Unlimited LDAP read timeout can cause Cluster Locks health check to fail if there are communication issues
Platform Notice: Server and Data Center Only - This article only applies to Atlassian products on the server and data center platforms.
In some situations where you have a high LDAP read timeout and JIRA cannot properly communicate with your LDAP server, the Cluster Lock health check will fail. By default, this check will fail if there is a process holding a cluster lock for more than 300 seconds, which will happen if JIRA can connect to your LDAP server but is having an issue reading information.
Node 'node1' has been holding cluster lock, 'com.atlassian.crowd.embedded.api.Directory:10100', for 503 seconds.
- A JIRA instance that is configured with LDAP/AD and has a read timeout of 0 (infinite) or higher than 300 seconds.
This will only happen if there is an issue reading from the LDAP server. The atlassian-jira.log file shows that a sync starts but does not complete as expected.
2017-01-31 11:34:08,377 atlassian-scheduler-quartz1.clustered_Worker-1 INFO ServiceRunner [atlassian.crowd.directory.DbCachingRemoteDirectory] INCREMENTAL synchronisation for directory [ 10400 ] starting 2017-01-31 11:34:08,377 atlassian-scheduler-quartz1.clustered_Worker-1 INFO ServiceRunner [atlassian.crowd.directory.DbCachingRemoteDirectory] Attempting INCREMENTAL synchronisation for directory [ 10400 ]
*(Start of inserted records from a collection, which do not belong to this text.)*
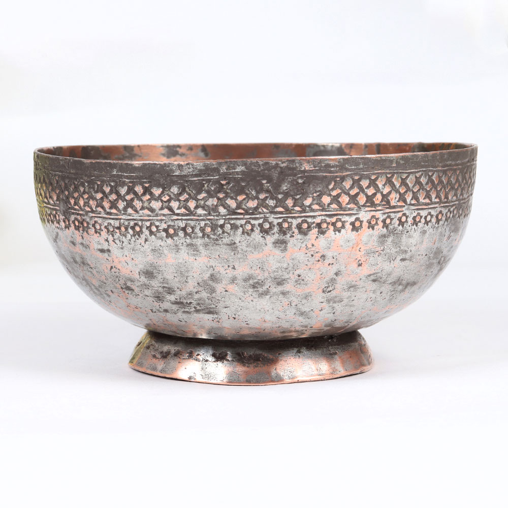 Adorn your living space with the timeless allure of our Vintage Copper Bowl which is a masterpiece meticulously crafted by highly talented artisans in the rich tradition of Islamic Art. This exquisite bowl, with its enchanting engraving and antique brown finish, embodies the elegance and craftsmanship of a bygone era. Handmade with precision from high-quality copper, this bowl is not merely a decorative piece but a testament to the artistry that has been passed down through generations. Its versatile design allows it to seamlessly enhance the aesthetic of any setting, whether at home, in the office, a restaurant, hotel, or cafe. Beyond its decorative appeal, this copper bowl serves multiple purposes. Use it as a striking indoor flower pot, infusing nature's beauty into your surroundings. Alternatively, add it to your vintage collection, making a statement about your appreciation for art and history. As a thoughtful and unique gift, the Vintage Copper Bowl holds unparalleled charm. Present it to your loved ones on special, festive, or auspicious occasions, and share the beauty and legacy of Islamic craftsmanship with those who matter most.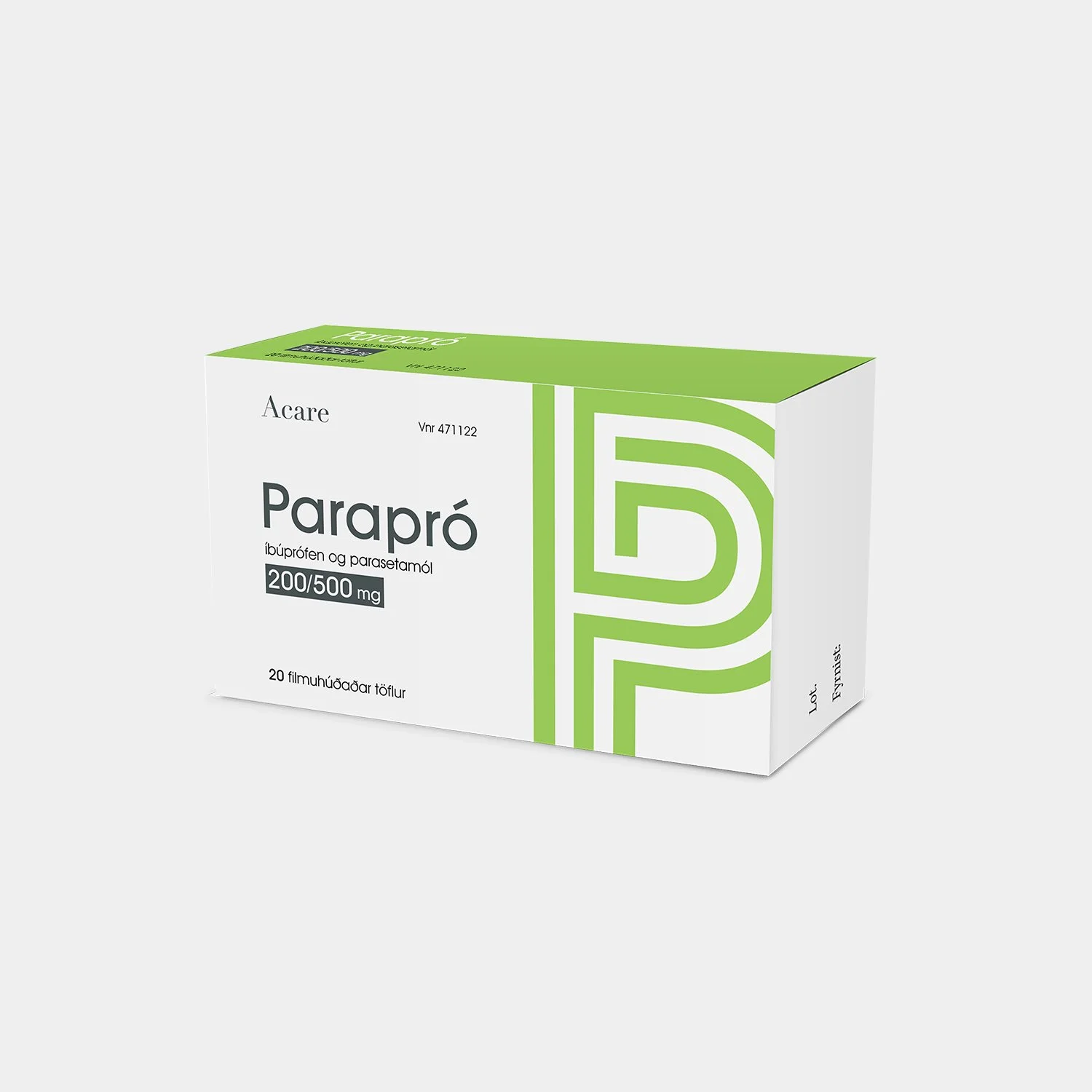 Parapró er notað tímabundið við vægum eða meðalmiklum verkjum sem tengjast mígreni, höfuðverk, bakverk, tíðaverk, tannverk, lið- og vöðvaverkjum, vægri liðagigt og kvef- og flensueinkennum, særindum í hálsi og hita.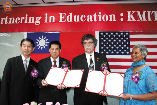 國立金門技術學院再創學術新猷!繼與姐妹學校美國西佛羅里達大學簽訂雙聯學制的學術合作關係後,昨日的校慶,校長李金振又與美國另一所姐妹學校西喬治亞大學(UWG)軒尼爾博士(Dr.William),代表兩校簽約建立學術合作關係,可提供金門地區學子、民眾學習更多元化、國際化的課程,也又一次帶動金門教育邁向國際化的新里程碑。 這項簽約儀式於昨日上午十時三十分舉行,包括,金門縣長李炷烽、前教育部次長范巽綠、前國立高雄應用科技大學校長黃廣志、國立高雄應用科技大學代理校長方俊雄、國立高雄大學主任秘書林順富、以及金門縣政府教育局長李再杭、金門紅十字會會長王水彰、金門高中校長蔡錦杉以及金技學院主管和教師在場觀禮。 軒尼爾博士帶來該校慶祝建校一百年的慶賀掛條,贈送予金門技術學院校長李金振,同時也轉達該校校長以及師生歡喜與姐妹校建立學術合作關係。李金振也回贈瓷器紀念品,感謝姐妹校的這一份情誼以及大力支持下,才促成該項合作關係。 在來賓的掌聲中,李金振和軒尼爾博士代表兩校簽約建立學術合作關係。李金振表示,金門技術學院與姊妹校美國西喬治亞大學,簽有國際合作協定,為擴大雙方合作基礎,特別藉校慶機會邀請該校教授William Schaniel, 及 Hema Ramanthan來訪,並進一步簽訂學生及教師交換計畫。他說,根據雙方簽訂的備忘錄,經甄選後參與兩校交換計畫的學生,只要在母校辦理註冊、繳費,即可至交換校就讀,並享有學費、食宿全免的優惠,雙方合作期間為三年,並逐年檢討雙方選送的學生數。 前教育部次長范巽綠指出,美國西喬治亞大學有一百零五年的校史,在全世界眾多的國家會選擇十歲,事實上只有四足歲的金門技術學院作為姐妹校,就表示肯定金門技術學院的辦學成效,也表示台灣在全世界教育舞台上的評比,是很好的教育國家。

If you review thread dumps, you will see a long-running thread for com.sun.jndi.ldap.LdapRequest across all thread dumps. This suggests that JIRA is waiting for a response from the LDAP server and seemingly "stuck" in this stage.
"atlassian-scheduler-quartz1.clustered_Worker-1" #140 prio=5 tid=0x00007f6659c33000 nid=0x4e98 in Object.wait() [0x00007f6575984000] java.lang.Thread.State: WAITING (on object monitor) at java.lang.Object.wait(Native Method) at java.lang.Object.wait(Object.java:502) at com.sun.jndi.ldap.Connection.readReply(Connection.java:467) - locked <0x00000005e0912700> (a com.sun.jndi.ldap.LdapRequest) at com.sun.jndi.ldap.LdapClient.getSearchReply(LdapClient.java:640) at com.sun.jndi.ldap.LdapClient.search(LdapClient.java:563)
The following workaround will help as a short term solution:
- Manually start the LDAP directory sync again
- Change the LDAP read and connection timeouts to be finite (e.g. not 0 ) so that the process can be terminated with a read timeout exception if there are any communication issues.
This underlying communication issue will likely need to be addressed on the network side to see why JIRA is having communication issues with LDAP/AD. These methods are out of the scope of this guide.